On behalf of Tasha K. Schaffner of Schaffner Family Law posted in divorce on Wednesday, September 27, 2017.
Many Kentucky residents believe that their home is the most valuable asset they own. At first glance this may be true, but when things such as taxes, repairs and maintenance — not to mention the mortgage loan payments — are taken into consideration, that number can drop quickly. That may not necessarily mean anything right now, but in a divorce, the true value of the house could be crucial.
Many people would risk going to court in order to keep the house without truly understanding what keeping it would mean. Meeting the mortgage loan and tax payments may not have been much of an issue during the marriage, but after a divorce, when the same income must now support two households, it could be an issue. The same could be said for a busted water heater or a broken air conditioner. Making those repairs during the marriage may have been somewhat of a challenge, but after the divorce, it may be nearly impossible.

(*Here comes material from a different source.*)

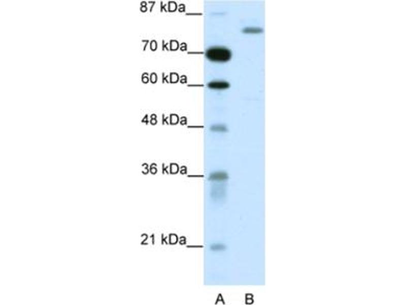 TRIM28 mediates transcriptional control by interaction with the Kruppel-associated box repression domain found in many transcription factors. TRIM28 localizes to the nucleus and is thought to associate with specific chromatin regions. It is a member of the tripartite motif family. This tripartite motif includes three zinc-binding domains, a RING,a B-box type 1 and a B-box type 2, and a coiled-coil region.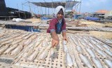 Warga menjemur ikan di Desa Branta Pesisir, Pamekasan, Jawa Timur, Senin (10/12/2018). Ikan kering yang diharga Rp.30.000 hingga Rp.100.000 per kg itu dipasarkan ke sejumlah daerah di Jatim, Jateng, dan Jogjakarta guna memenuhi kebutuhan ikan selama musim angin dan ombak. (FOTO : Saiful Bahri/Antara)

To make matters even worse, some Kentucky residents might consider giving up a portion of other assets in order to have the marital home. An asset that has the same worth on paper may actually be worth more after all of the expenses of owning a home are taken into consideration. People may contribute to retirement accounts voluntarily, but the account is not foreclosed if contributions are not made regularly.
Of course, all of this assumes that the party keeping the home will be able to obtain financing without the benefit of the other party’s income. It may not always be the best idea to keep the marital home in a divorce. Before making any decisions that could lead to regret in the (near) future, it may be beneficial to sit down and calculate what the true cost of keeping the home would be.